J’aime les arts visuels, mais je ne suis pas une spécialiste. Il m’est donc impossible de résumer toutes les avenues empruntées par l’artiste au cours de sa carrière. Très éclectique, Alleyn l’est sans aucun doute, inventif, parfois en avance sur son époque. On sent chez lui des contrastes : un gamin qui s’amuse à faire ce qu’il fait, mais qui a aussi des angoisses métaphysiques ; introspection, mais éclatement…
Je me suis demandé : « Peut-on être un et plusieurs à la fois ? » À voir les œuvres de cet artiste inclassable, il n’en fait aucun doute. Alleyn est peut-être seul dans son atelier, mais son talent est multiple et polyvalent.
Le parcours chronologique nous propose sa période dite « indienne » du début des années 60, celle de l’abstraction, en passant par ses Éphémérides, mais aussi ses fameux personnages peints sur plexiglas (que je prends toujours grand plaisir à revoir)… et que dire de son Introscaphe (1968-1970), cet objet en forme d’œuf dans lequel, à l’époque, les visiteurs pouvaient s’installer pour voir et écouter, durant quelques minutes, un film présentant un florilège d’instantanés…
Aujourd’hui, cet engin appartient au Musée national des beaux-arts du Québec… Qui sait si un jour, budget trouvé, on ne pourrait pas le refaire fonctionner.

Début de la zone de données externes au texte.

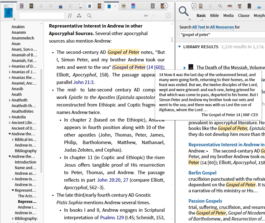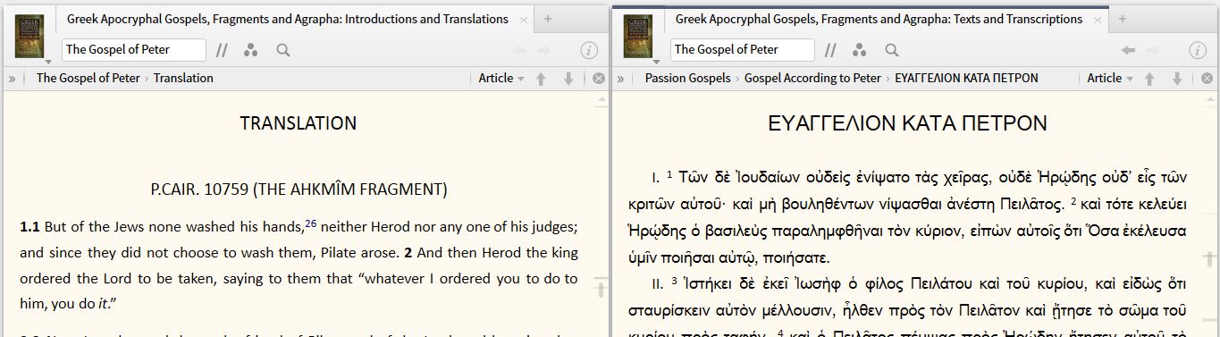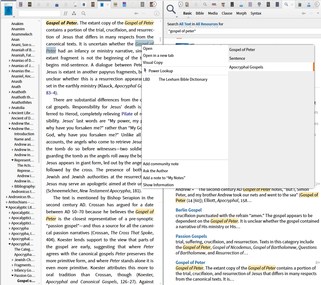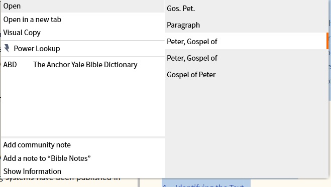 So here I am in ABD looking up Gospel of Peter. There is a hyperlink to it as a reference (Gos. Pet,). I right-click on it, look up what resources it links to under "reference". I get this:

Je suis sortie du MAC, sourire aux lèvres et remplie d’une belle énergie. Je ne saurais comment l’expliquer, comme si ce que je venais de voir, m’avait donné un nouvel élan.
Le catalogue publié lors de l’inauguration de l’exposition sera l’outil de référence pour les années à venir. Un must ! Exposition à mettre sans faute à votre agenda !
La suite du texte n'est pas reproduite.